[Provided entries — start]

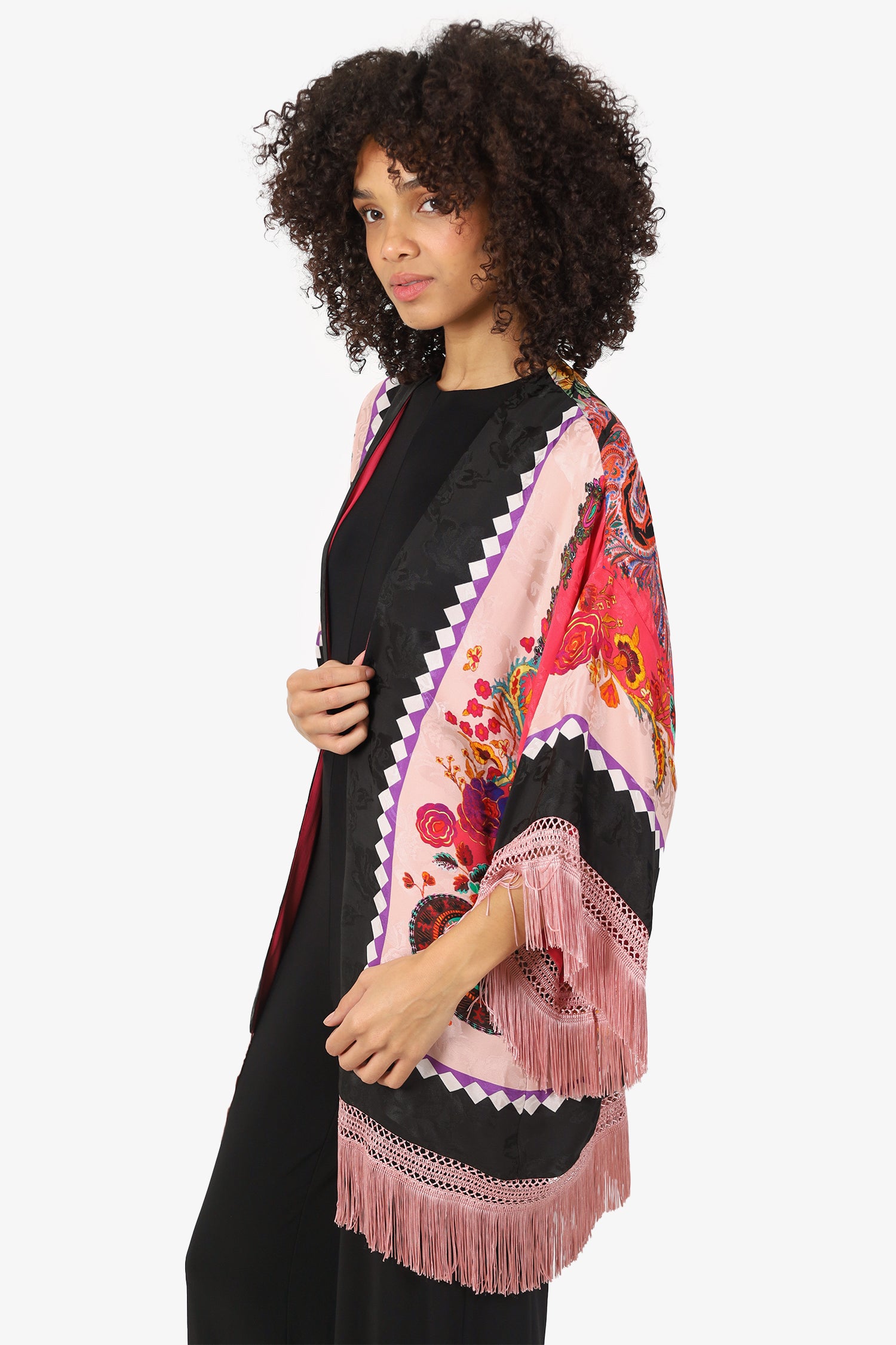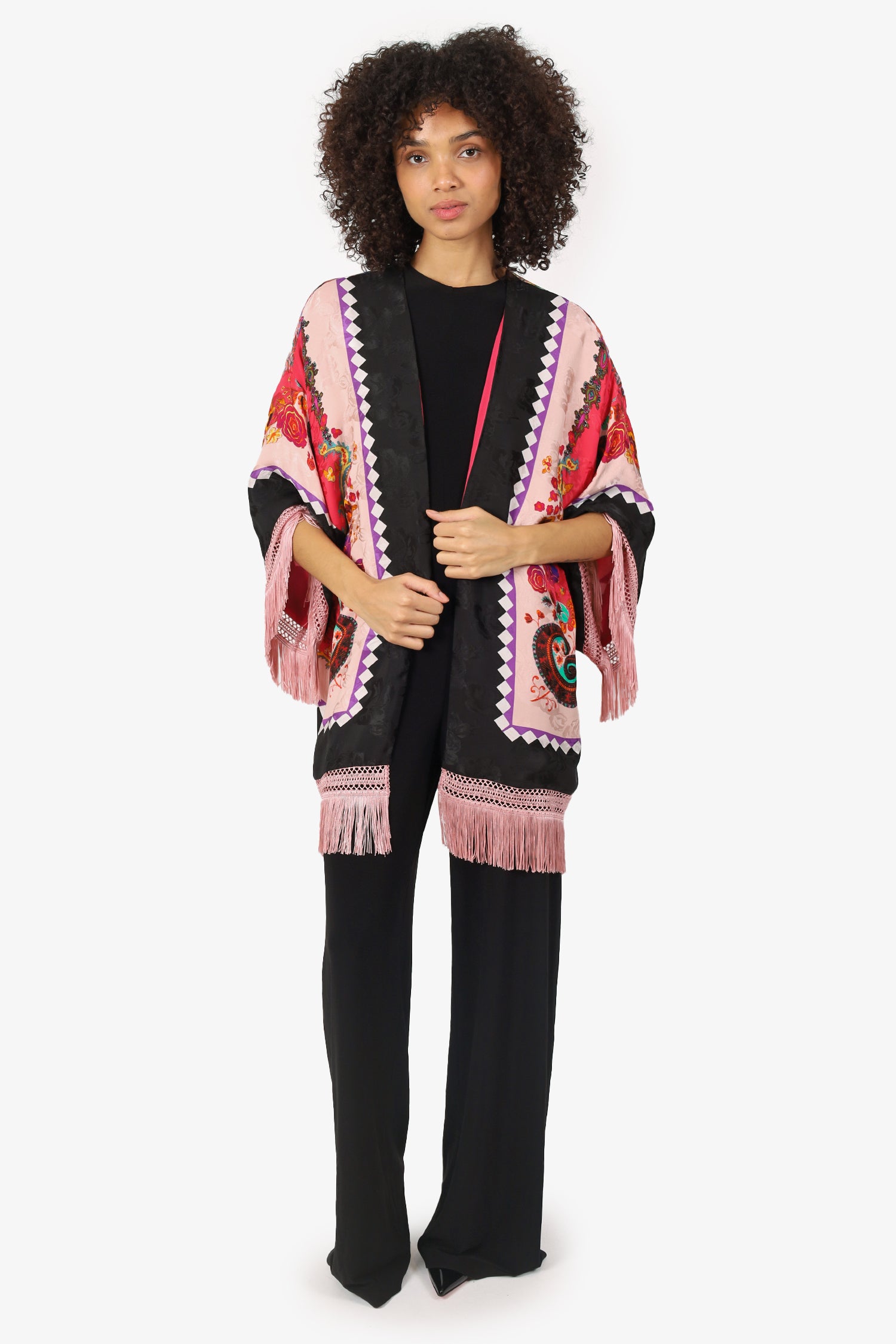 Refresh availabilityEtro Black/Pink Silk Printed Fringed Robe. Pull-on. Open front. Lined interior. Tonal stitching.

[Provided entries — finish]
[Provided entries — start]

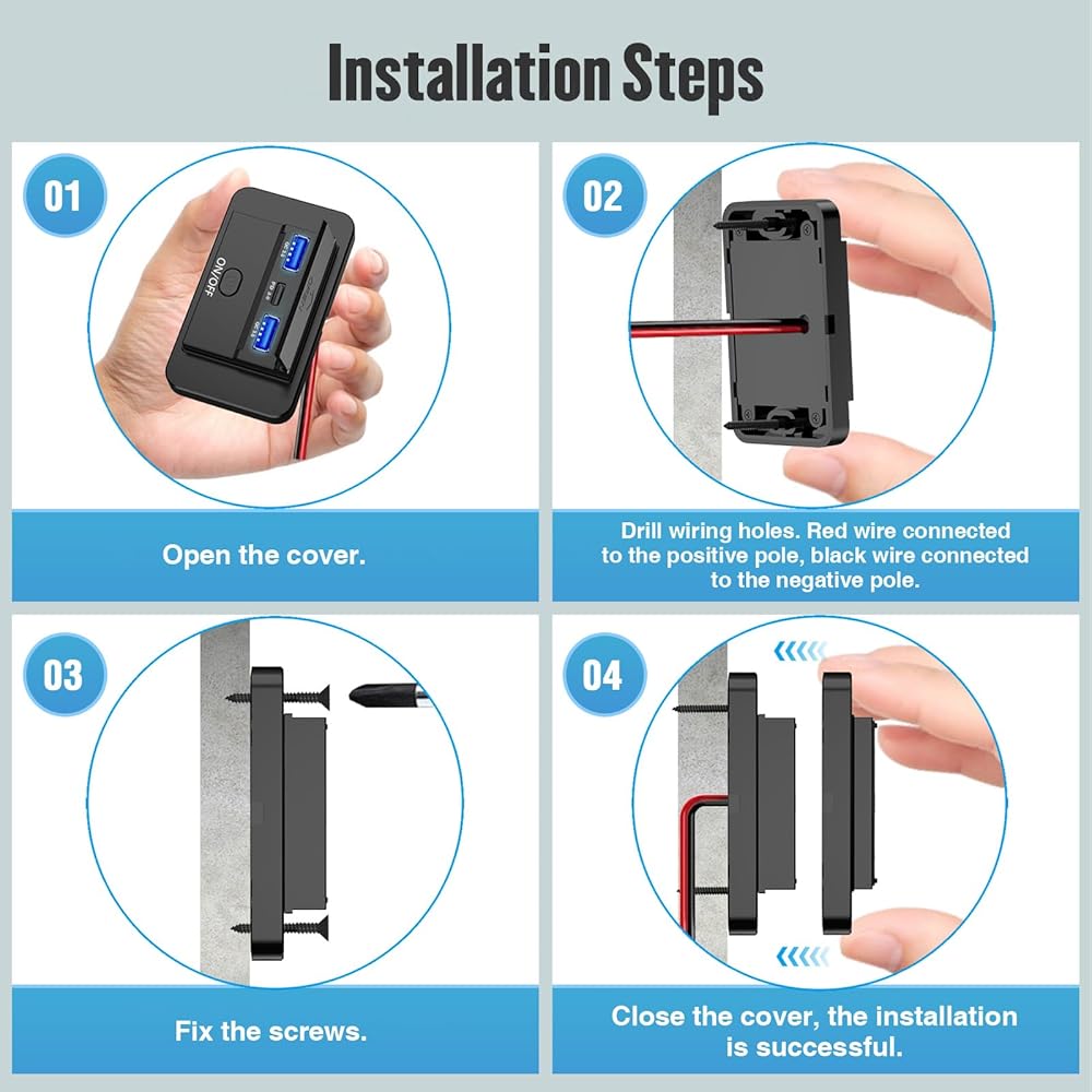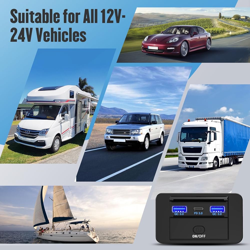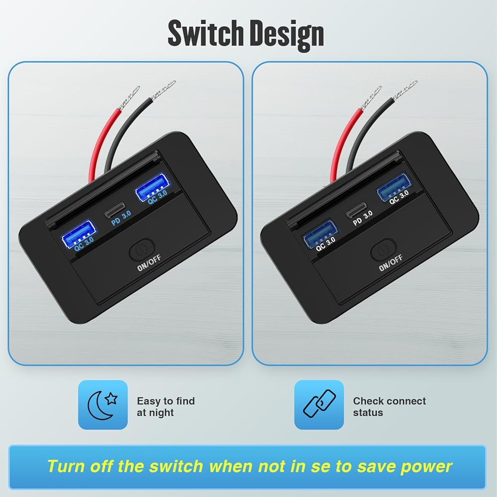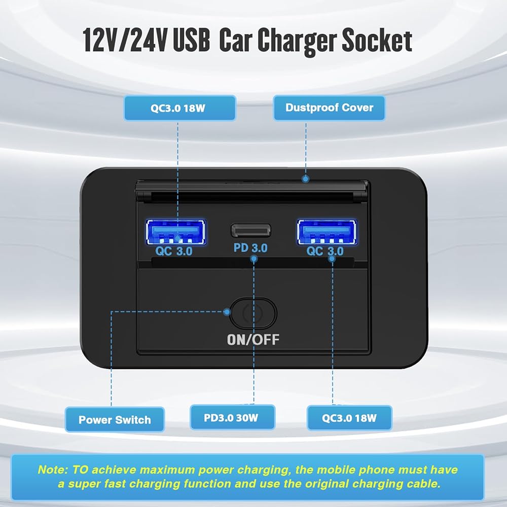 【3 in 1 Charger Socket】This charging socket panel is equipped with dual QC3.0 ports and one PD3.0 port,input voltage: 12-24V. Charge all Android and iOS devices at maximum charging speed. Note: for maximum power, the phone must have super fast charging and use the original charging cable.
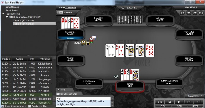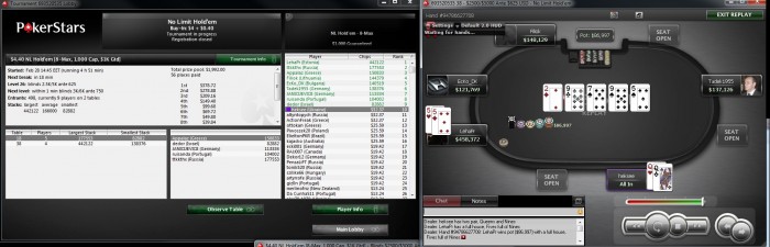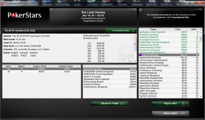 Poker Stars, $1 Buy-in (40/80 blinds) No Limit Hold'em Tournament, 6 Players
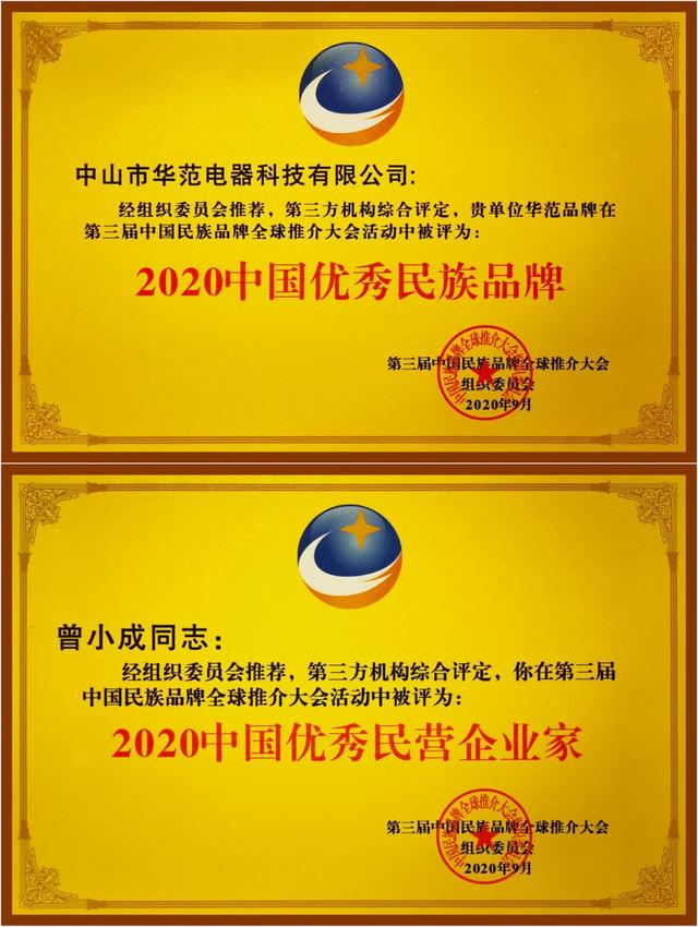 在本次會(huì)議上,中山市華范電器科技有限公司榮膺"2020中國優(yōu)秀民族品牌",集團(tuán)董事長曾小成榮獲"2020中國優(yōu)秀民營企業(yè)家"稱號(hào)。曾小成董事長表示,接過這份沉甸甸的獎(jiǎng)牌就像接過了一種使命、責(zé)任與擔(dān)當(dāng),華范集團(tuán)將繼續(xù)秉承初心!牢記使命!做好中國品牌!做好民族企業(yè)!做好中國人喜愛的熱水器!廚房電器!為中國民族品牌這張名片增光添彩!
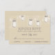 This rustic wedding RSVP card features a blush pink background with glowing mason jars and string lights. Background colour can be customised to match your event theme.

[Provided entries — finish]

What to do:
Set down again, exactly, every line above from the one with "在本次會(huì)議上,中山" down to the one with "This rustic wedding", both ends included. No pictures, and nothing else.

Task answer:
 在本次會(huì)議上,中山市華范電器科技有限公司榮膺"2020中國優(yōu)秀民族品牌",集團(tuán)董事長曾小成榮獲"2020中國優(yōu)秀民營企業(yè)家"稱號(hào)。曾小成董事長表示,接過這份沉甸甸的獎(jiǎng)牌就像接過了一種使命、責(zé)任與擔(dān)當(dāng),華范集團(tuán)將繼續(xù)秉承初心!牢記使命!做好中國品牌!做好民族企業(yè)!做好中國人喜愛的熱水器!廚房電器!為中國民族品牌這張名片增光添彩!
 This rustic wedding RSVP card features a blush pink background with glowing mason jars and string lights. Background colour can be customised to match your event theme.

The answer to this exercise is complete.